DVD & Digital

DVD review: The Rover

Rey_Eric_The_Rover

Since his first feature Animal Kingdom was met with such critical acclaim five years ago, the Australian writer-director David Michôd’s follow up film has been hotly anticipated. He has kept mostly the same team around him and has again cast the experienced Guy Pearce in a central role, but will this equal another great picture? Titled ‘The Rover’, this western is set a decade into the aftermath of a global crisis in a post-apocalyptic outback. Pearce stars as Eric, a man of few words, filled with rage over the losses he has suffered. When his car is stolen by a gang of small-time crooks, he sets out to retrieve it and will stop at nothing until he gets back what is his. In his mission, he encounters an American simpleton called Rey (Robert Pattinson), who happens to be the younger brother of one of the criminals Eric is chasing. Together they pursue in this slow-burn thriller which is so full of style, it leaves little room for substance.

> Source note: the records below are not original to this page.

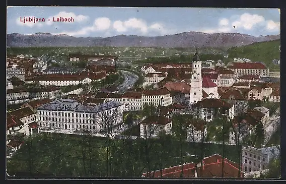AK Ljubljana, Ortsansicht mit der Kirche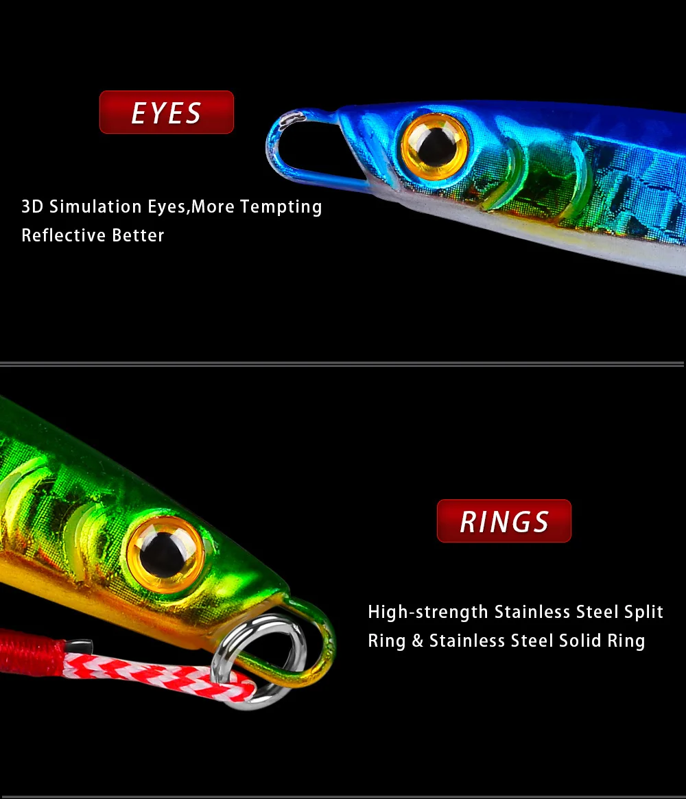 5.Forma única.La forma también ayuda a controlar la fricción mientras se sacude contra el agua.Su diseño de equilibrio central desencadena la naturaleza depredadora de los peces y es fácil de usar.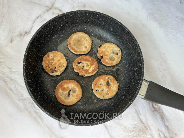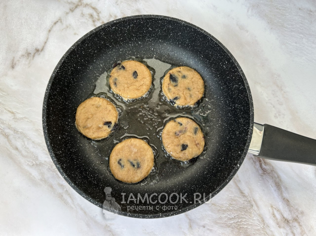 Подготовьте сковороду с толстым дном, добавьте оливковое масло и хорошо её разогрейте. Аккуратно выложите лепёшки на горячую поверхность сковороды, оставляя расстояние друг от друга. Обжаривайте каждую сторону печенья по 3–4 минуты на умеренном огне.

The atmosphere of the location is captured effectively in the opening moments, the Australian outback appearing even more lonely that you’d expect. The warm and dirty desolation of the environment is exhibited through a series of long landscape shots stitched into the story with slow dissolve transitions to the flawed, selfish characters that inhabit it. The promising start disappointingly isn’t capitalised on as the clever techniques implemented are simply repeated. With very little going on plot-wise, every moody sequence with Eric staring angrily into the sun seemed to last an eternity, feeling like a very good short film premise stretched out to an unnecessary length. The shades of violence are dealt with brilliantly in fairness, the Michôd’s flair in the gangster genre serving him well, but where this differs to his last piece is that the men here are so underdeveloped that I didn’t care whether their brains were to be sprayed all over the wall or not.

In a film with only a small amount of characters, speaking a small amount of dialogue has a big reliance on the acting to offer it some weight. Guy Pearce is used to the pressure of a leading role and possesses the skill to play fearsome parts, having excelled as the villain in prohibition western Lawless. Eric though is far less exaggerated and is an ordinary man who due to his personal grief and suffering has changed, and we quickly ascertain the heinous behaviour he is capable of. The performance is solid if a little underwhelming, limited by the minimalist nature of the concept and scripting. I did however enjoy how his arc ended as it finally answered the questions surrounding the motives of his actions. I was impressed by the turn from Robert Pattinson, shedding his cool guy image to play a different type – the naivety and nervousness of Rey forces us to sympathise with him, and also makes him an unpredictable force who acts first and pays for it later. I was pleased to see Scoot McNairy appear as I have, in the past, be an admirer of his work but he is sadly terribly underused.

I am by no means against minimalist filmmaking but I found ‘The Rover’ to be rather empty, and came away unsatisfied given the reputation of the cast and crew. Michôd has endeavoured to create what appears to be a very personal film which I believe, unlike his first, will struggle to appeal to the mainstream cinema audiences. It is successful visually with its menacing cinematography and in its high points, it is intense, powerful and incredibly suspenseful. Unfortunately, these moments are too sparsely spread and the pacing of the film results in several boring slogs of simply waiting for something to happen.